Complicating O'Connor's job even further is the small size of the Memphis market. This gives the team less room for error, in O'Connor's opinion. "We tick off one fan, he's going to tell 20 more. And unlike in some larger markets, there aren't 20 people lined up to buy that guy's tickets."
Fan phone-in So at the end of last season, O'Connor and the Grizzlies made a conscious decision to bulk up the volume and quality of contact the team has with its fan base. Central to the effort was a collaboration with voice-messaging-services supplier Vontoo, which helped the team coordinate a program targeting casual fans.
The Grizzlies dipped into its database of the 6,000 customers who purchased single game tickets within the previous 12 months. Then O'Connor and his team crafted a phone message inviting fans to "Rudy Gay night," which was recorded by forward Gay himself and sent to each fan.
O'Connor admits that he had some reservations about the one-to-one-ish phone campaign, especially given that it followed a local election campaign that besieged voters with similar recordings. The results surprised him: about 1,500 tickets sold and zero complaints, netting approximately $33,000 in revenue. "Although people know it's a recorded message, it's still neat -- 'Hey, I got a call from Rudy Gay,'" O'Connor says.

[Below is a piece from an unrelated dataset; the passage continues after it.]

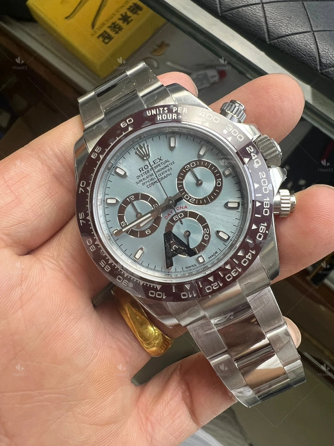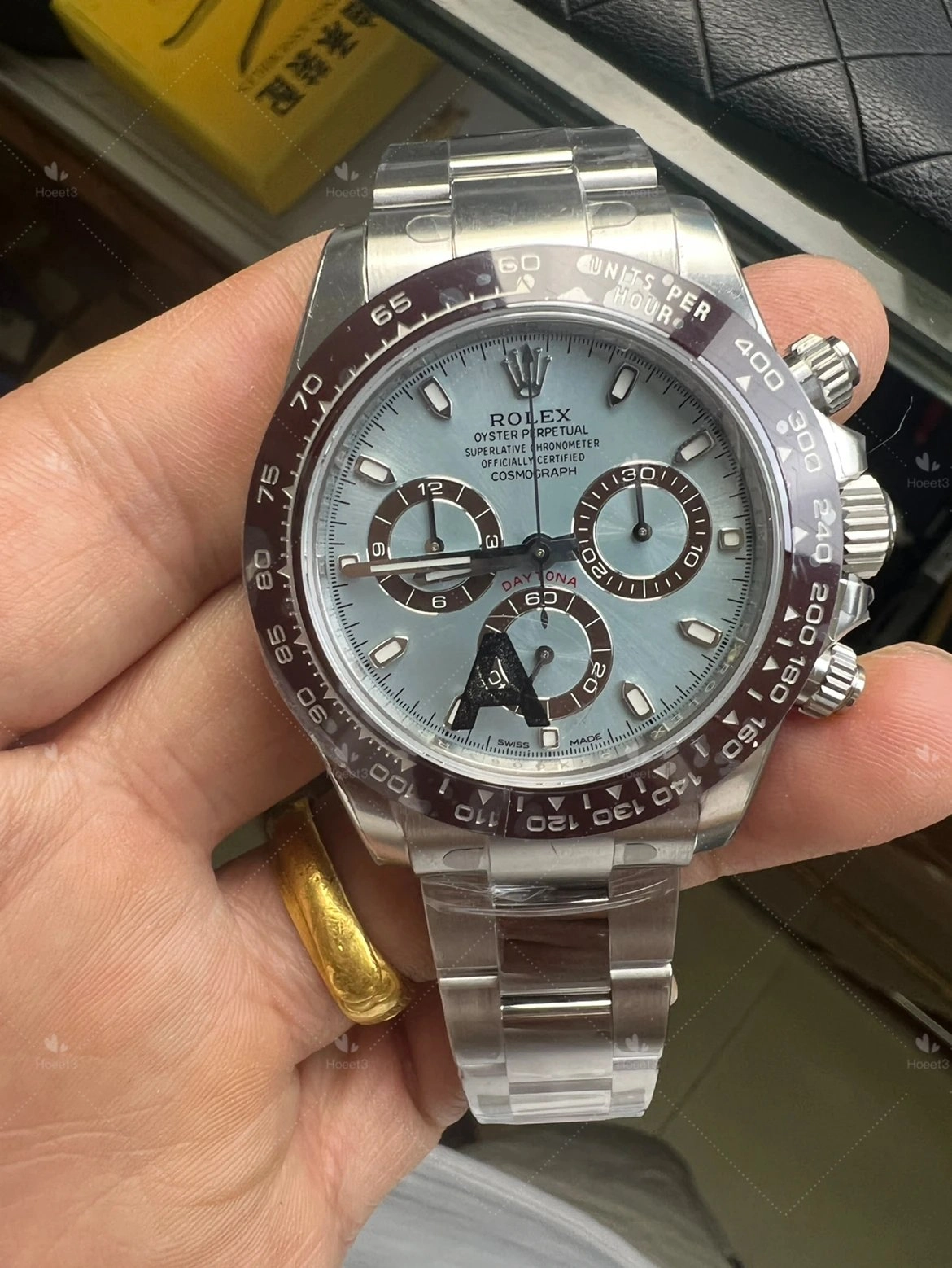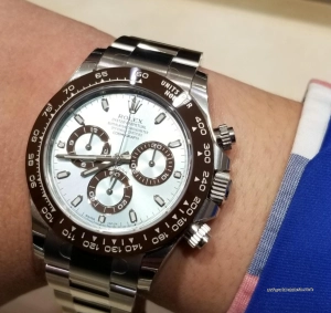 The ice blue dial is the highlight for me. Under daylight it looks very close to what I expected from pictures of the original platinum Daytona.
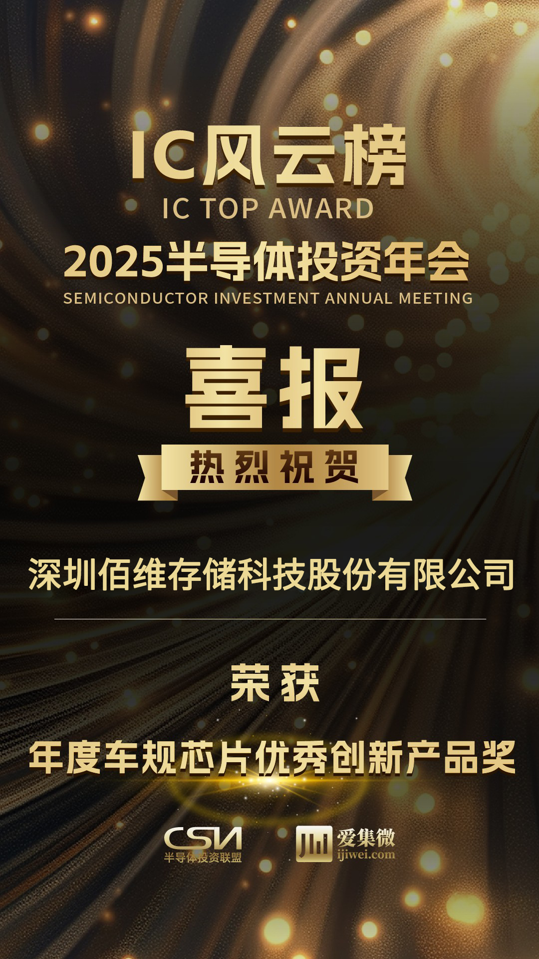 近日,由半導體投資聯盟主辦、愛集微承辦的“2025半導體投資年會暨IC風云榜頒獎典禮”在上海·上海中心圓滿舉行。佰維存儲TAE308/318系列車規級 eMMC 榮獲IC風云榜年度車規芯片優秀創新產品獎,彰顯公司在汽車電子領域的技術實力與產品創新能力。

Just the beginning O'Connor believes the initiative's true value was revealing just how badly the team's fans wanted more personalized communications. From the day it arrived in Memphis from Vancouver in 2001, the Grizzlies have been a community mainstay, donating nearly $18 million to charities and running programs like the Grizzlies Academy, which mentors academically at-risk teenagers. But the response to the phone message program let O'Connor know that the team needed to do more for and with its best customers.
In addition to regular lunches and dinners with season ticket holders attended by players, coaches, and executives -- "it's more like 10 to one than one to one, to be honest," O'Connor says -- the Grizzlies now meet monthly with an official fan advisory board to discuss everything from player trades to the fan experience. "One of the things that came out of there was that in a town like Memphis, you can't treat people like they're just a number. They want more of a relationship with us and we're doing our best to give it to them," O'Connor says.
In one anecdote that O'Connor recalls, a season ticket holder said she didn't want to renew for this season because she was unhappy with the parking situation. "[Team president of business operations] Andy [Dolich] said, 'You renew now, you can have my parking spot.' She said, 'Done!'" O'Connor says.
Since the initial phone-message initiative, the team has employed the same tactic for season-ticket renewals and other promotions, with similarly positive results, although he declines to reveal specifics. This year O'Connor hopes to link the messages directly to the team's box office, enabling spur-of-the-moment sales to fans charmed by the direct contact. The team will also continue to build more individual components into as many of its communications and interactions as possible.
"Everything we do boils down to one-on-one," O'Connor says, quickly adding, "And hopefully the team plays a little better, too."